Re: Individualization

On Oct 23, 2014, at 1:22 PM, David Dorwin <ddorwin@google.com> wrote:

> 
> 
> On Thu, Oct 23, 2014 at 1:01 PM, Joe Steele <steele@adobe.com> wrote:
> On Oct 21, 2014, at 7:13 PM, David Dorwin <ddorwin@google.com> wrote:
> 
>> [Subject changed  from "Clarifying key types and persistence"]
>> 
>> On Mon, Oct 6, 2014 at 2:28 AM, Henri Sivonen <hsivonen@hsivonen.fi> wrote:
>> 
> 
> <snip> 
>> The per-origin identifiers that presumably come with per-origin individualization are good for privacy. However, it's unclear whether deferring such individualization to a centralized server maintains those qualities. (I am assuming the reason for the proxying is that the "individualization server" is not run by the application provider.)
> 
> This may point to a need for normative requirements on the identifiers that are made available. Can you explain what your concern is here? And how that concern is specific to this proposed change?
> 
> I'm not sure what type of requirements you're referring to, but I am generally in favor of more normative requirements. Do you have some examples?
> 
> I've documented some of these concerns in the bug [1] and the spec's privacy section [2].
> 
> The concern with this proposed change is that it implies a design that gives a false sense of privacy.
> 
> 
>> This also requires every content provider to understand the privacy implications of doing so (for every client implementation), which is unlikely to be the case. (With user agent-driven initialization, only the user agent vendor needs to understand the implications of this on each particular client it supports.)
> 
> I disagree with this statement. In my experience every content provider using a DRM system directly has contracts in place that constrain how they will use key material and meet legal requirements regarding user PII. For those that use intermediate providers (e.g. OVP) those intermediates have the same contracts and legal requirements. It is VERY likely they do understand the implications. 
> 
> A spec cannot rely on contracts and legal requirements. We also cannot assume that the engineers are checking their work against contracts and legal requirements.
> It's unclear who the "they" that is being constrained is.

The “they” that is being constrained here are the content providers you referred to.
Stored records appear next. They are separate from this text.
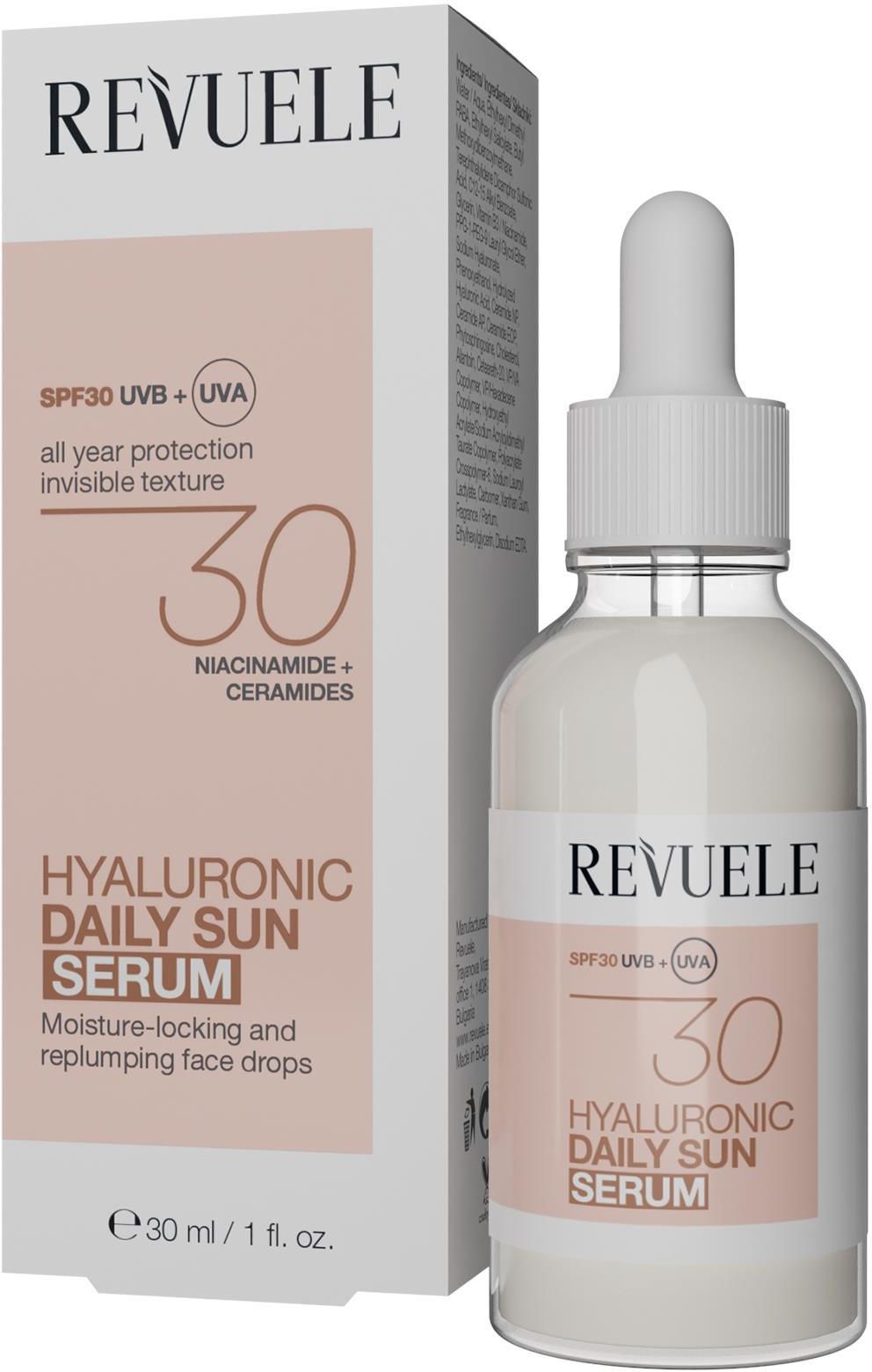 Revuele Daily Sun Hyaluronic Sun Serum SPF 30, 30 ml, Ochrona przed promieniowaniem słonecznym dla kobiet, Chroń skórę przed przedwczesnym starzeniem się oraz innymi uszkodzeniami spowodowanymi działaniem promieni słonecznych. Delikatna skóra twarzy jest znacznie bardziej wrażliwa niż skóra na …
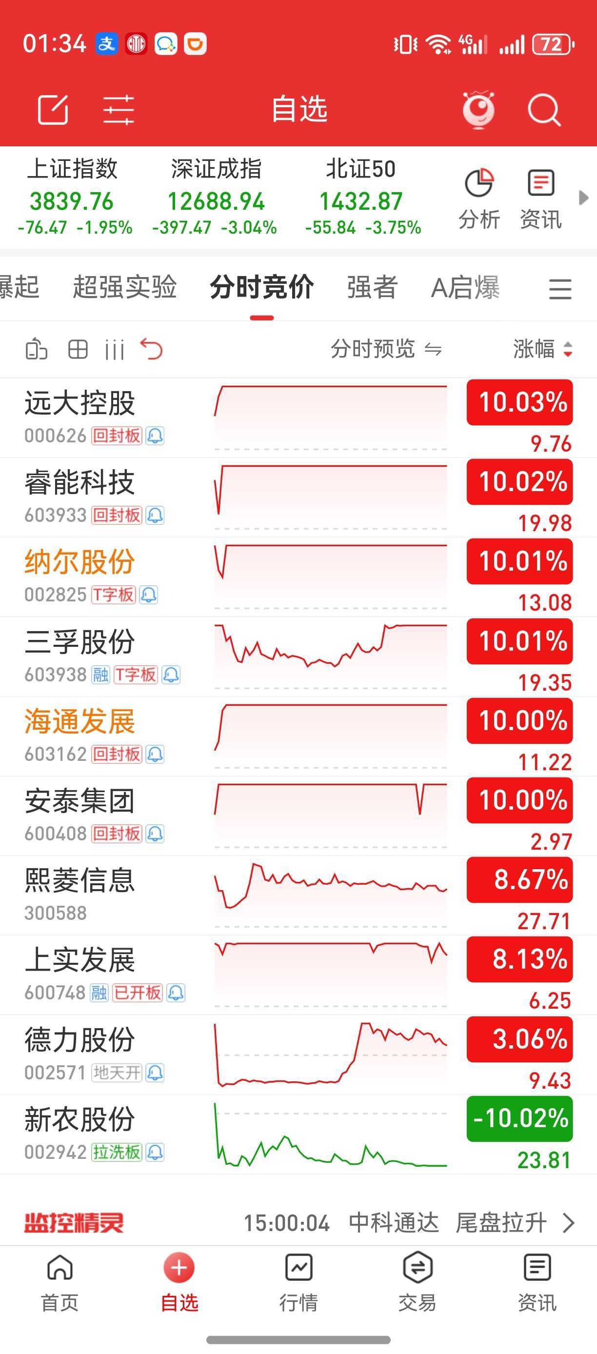 (2)第二步筛选:对选出个股做排序,将将竞价涨幅在3%-5%的作为“心理目标”,排在前面;开票后快速涨停的,一字板的,快速放弃,不是我们的目标。快速回落到3%-5%的和在3%-5%震荡的是我们第一目标,一般有1-3只。
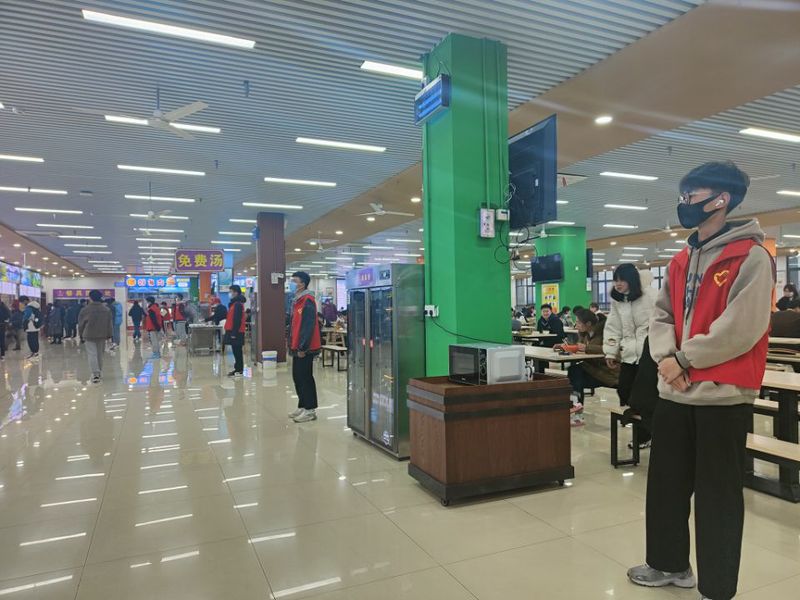 为落实科学、精准防控要求,抓好疫情防控,保障同学的就餐安全,机械工程学院持续开展以“疫情防控,志愿者与您同在”为主题的志愿服务活动,学生党员、入党积极分子、学生干部等积极报名志愿者,助力校园疫情防控。

Although every engineer may not be checking there work against legal contracts, security and privacy are very serious issues and any engineer working on code which could impact either of these should at a minimum have their work checked and be coding against a guidelines which takes both of these concepts into consideration. 

> My concern with forwarding per-origin individualization requests to a centralized server is with the DRM system, not the content provider.

This proposal has nothing to do with sending messages to a centralized server. This proposal is simply about distinguishing message types. The application provider decides where those messages go. And if the application provider decides to send then all to a central server, that is it’s right. If that is your concern — you should file a separate bug, but frankly I don’t see how that can be constrained. 

> 
>> 
>> Is use of a centralized server necessary? Maybe there is another way to achieve per-origin IDs without contacting a central server for each origin. 
> 
> This is irrelevant IMO. The issue raised here is that the application needs a way to distinguish this type of message from others without KeySystem-specific logic. The server the application chooses to send those messages to is entirely up to the applications author and should not be constrained by this spec. 
> 
> Well, this should be relevant to you and Henri as implementors.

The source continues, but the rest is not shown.